Shin Megami Tensei II is the direct sequel to Shin Megami Tensei and was first published in Japan in 1994 by Atlus.
While the basic gameplay is essentially the same as before, with tile-based movement and first-person combat sections, overhead city map sections, and magic, occult and religious themes, the developers deliberately chose not to connect this sequel directly to its predecessor, so story-wise it is somewhat different, being set in the far-flung future.
You play the gladiator Hawk (later on you can re-name him), who gradually builds-up a team of mysterious extra characters and who join and leave the party as the story unfolds.
You encounter demons in random battles, like previously, and can talk to them to get them to give you items or money, or join you (or just leave without fighting you). You can also fuse them together to make more powerful demons, which is a mainstay of the Shin Megami Tensei series.
Human characters can carry physical weapons (swords, whips, hammers and the like), and also guns, and the ammunition you equip for the guns has a big impact on their damage. Certain parts of the body can equip pieces of armour (found or bought at shops), although male and female characters require different types of armour. Killing demons in battle awards experience points, money (aka Makka), and magnetite, which is consumed when summoning demons (each demon has a magnetite requirement per step taken). And sometimes you might also get gems or healing or combat items. There’s an ‘auto’ battle feature this time, which allows battles to play out automatically, rather than having to choose every action yourself, which is useful when you’re higher level and are fighting very low-level enemies, but less useful for later battles.
Demon-summoning is done via a COMP, which is a small computer that is fixed to your arm. The COMP also has an automap feature which thankfully works much better this time around and doesn’t rotate, so is far less disorienting.

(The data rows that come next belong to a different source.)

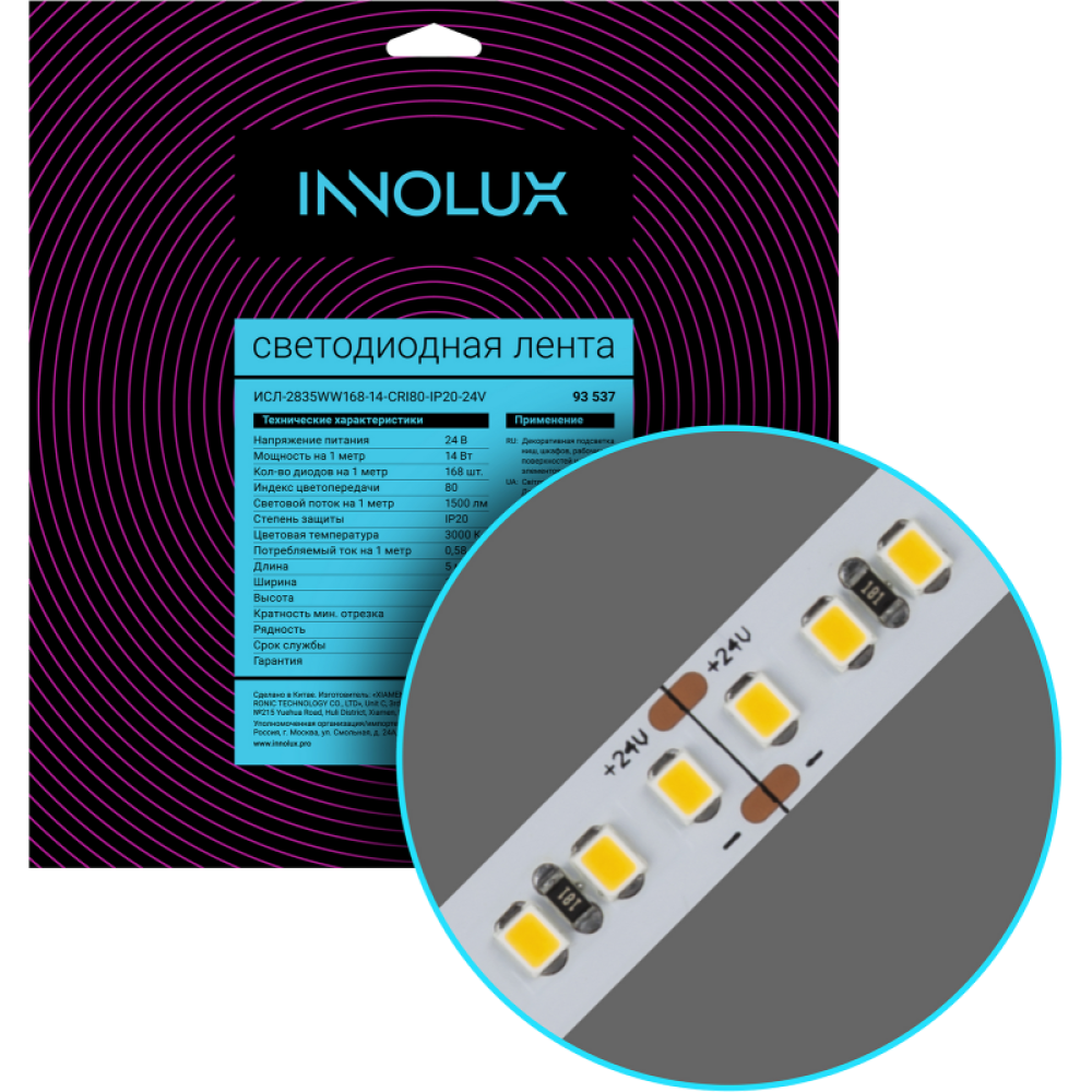 Технические характеристики Лента светодиодная 93 537 СДЛ-2835WW168-14-CRI80-IP20-24V (уп.5м) INNOLUX 93537
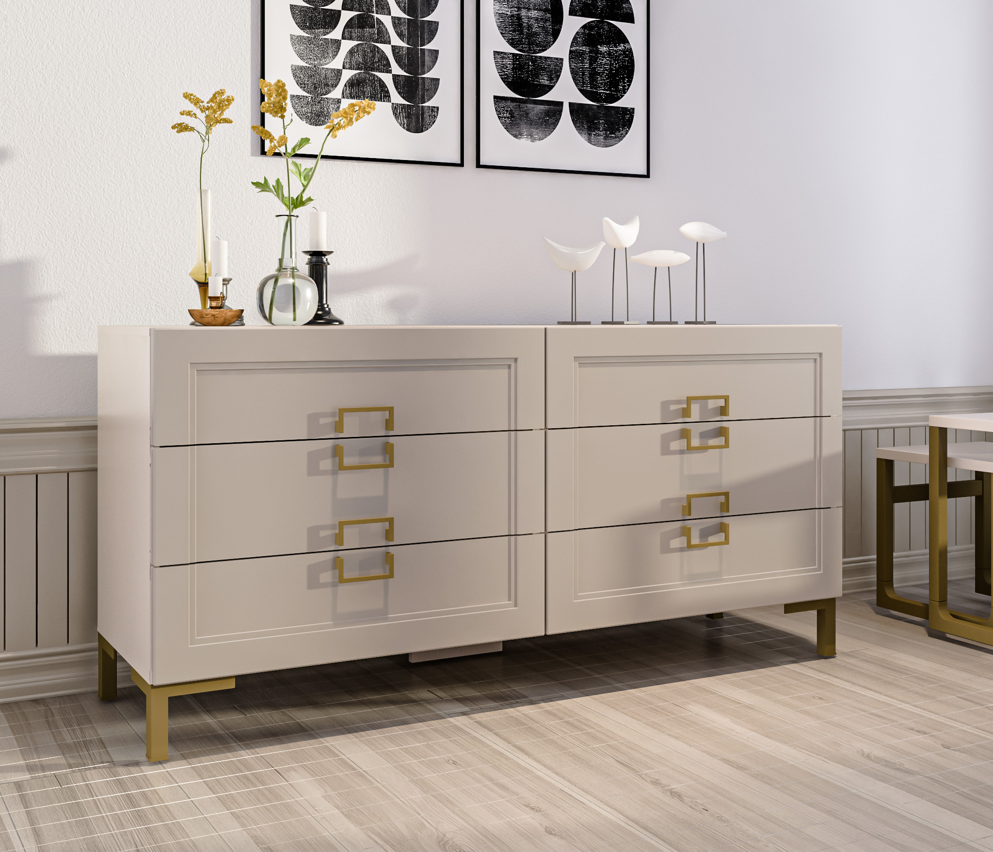 Золотистые ручки и ножки коллекции "Ассоль" добавляют неповторимый шик и изысканность, завершая образ тонким и стильным блеском. Эти акценты создают атмосферу роскоши и утонченности. Они играют роль визуального украшения, дополняя общий вид мебели и придавая ей особый шарм и элегантность.
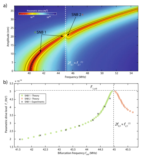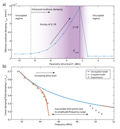 從固態(tài)物理學到熱力學,非線性阻尼的機械源在現(xiàn)代物理學中起著核心作用。機械耗散的微觀理論表明,當共振模式的非線性阻尼耦合到接近其共振頻率兩倍的振動模式時,可以大大增強共振模式的非線性阻尼。迄今為止,尚未實現(xiàn)這種增強的實驗證據(jù)。在本文中,我們通過實驗證明,納米諧振器驅(qū)動成直接參數(shù)內(nèi)共振,為非線性耗散的微觀理論提供了支持證據(jù)。通過調(diào)節(jié)驅(qū)動電平,我們可以在40-70 MHz的范圍內(nèi)調(diào)整石墨烯納米鼓的參數(shù)共振,以達到連續(xù)的二對一內(nèi)部共振,從而使非線性阻尼幾乎增加了兩倍。我們的研究開辟了一條利用模態(tài)相互作用和參數(shù)共振來實現(xiàn)具有工程非線性耗散的寬頻率范圍諧振器的途徑。
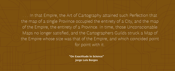 "In that Empire, the Art of Cartography attained such Perfection that the map of a single Province occupied the entirety of a City, and the map of the Empire, the entirety of a Province. In time, those Unconscionable Maps no longer satisfied, and the Cartographers Guilds struck a Map of the Empire whose size was that of the Empire, and which coincided point for point with it. The following Generations, who were not so fond of the Study of Cartography as their Forebears had been, saw that that vast map was Useless, and not without some Pitilessness was it, that they delivered it up to the Inclemencies of Sun and Winters. In the Deserts of the West, still today, there are Tattered Ruins of that Map, inhabited by Animals and Beggars; in all the Land there is no other Relic of the Disciplines of Geography"
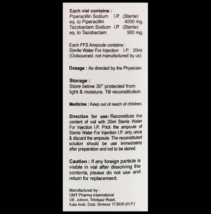 Composition : Piperacillin (4000mg) + Tazobactum (500mg)
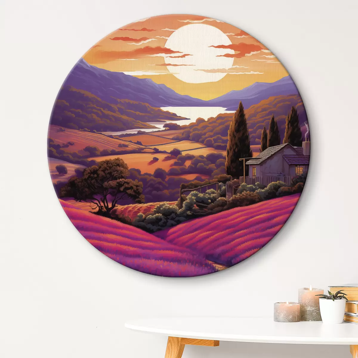 Кругла картина Лавандові поля, захід сонця, красиві пейзажі, гори Nr r40943
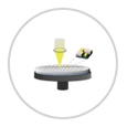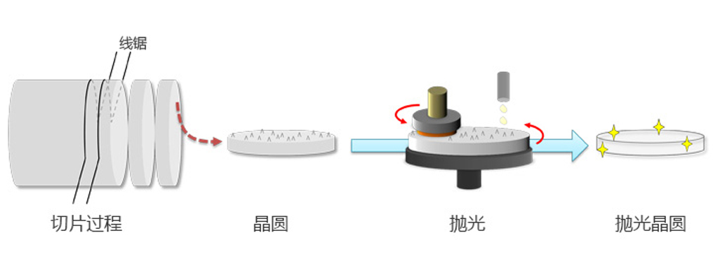 接下來是“晶體生長”。在這里,我們在晶圓上制作用于發光作為LED的薄膜。頂部是過程的俯視圖,底部是橫截面。在晶片周圍的高溫高壓環境下吹入氣體,并通過化學反應在晶片表面上沉積形成薄膜。這樣重復多次以制作多層薄膜結構。
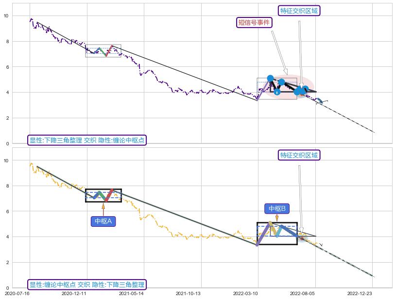➢ 下降三角整理属【短级别信号事件】缠论中枢点属【长级别信号事件】长短周期组合信号事件, 短长事件长度比13.18%
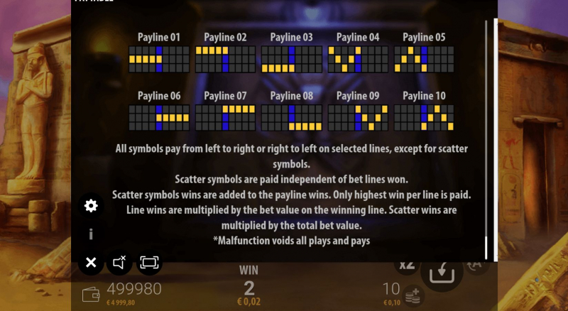 There are nine reels and three rows with ten fixed win lines fixed across. There are up to thirty bet levels per a spin, and a line can hold a stake as small as 0.01 cent. Therefore, a cost of the rotation starts at 0.10 cents, and reaches 300 credits.

The very beginning of the game demonstrates the sequel’s differences with a small section played inside a virtual combat simulator. These devices allow you to practise combat without the risk of being killed (if you are killed you just come out of the simulator and are fine). You still earn experience inside simulators, which is useful at the beginning of the game when Hawk is preparing for a gladiator championship fight at the nearby Coliseum.
The overhead map sections are isometric this time, which look nice but are not as interesting as those in the previous game. Wandering around the map sections will often trigger a random battle and these are not as frequent as previously. At least at the beginning of the game. Which makes grinding before the first boss fight a bit of a chore.
Shin Megami Tensei II is considered to be less difficult than its predecessor and that is true for the most part, although the game is still confusing at times. Is it better than its predecessor? Mmm. That is debatable. In some respects it is, but in others: not quite. Recruiting demons by talking to them is still a pain in the butt, but the game – and the combat – is more varied and interesting overall, so it’s a mixture. There are some refinements to the interface that help, but the overall pace of the game – and the speed at which the interface works – is possibly even slower than the original, which makes the game feel a little sluggish compared to other menu-based RPGs.
One final thing to note about the game is the English translation, which was again created by team Aeon Genesis as a fan translation/ROM hack. In my opinion it’s not as good as the translation they did in the original Shin Megami Tensei. It’s riddled with grammatical and formatting errors, and the main font they chose is too big in my opinion. A lot of the dialogue in the game is pretty dumb to be honest, and I’m not sure how much of that is down to the translation. I still appreciate that the fan translation exists, otherwise I’d struggle to be able to play the game, but I didn’t think that it was as good as the first game. A Spanish fan translation also exists.
Shin Megami Tensei II is a mixed bag overall. While it’s still fun to play (mostly because of the dark humour); is challenging, and fairly original, it’s not going to appeal to everyone.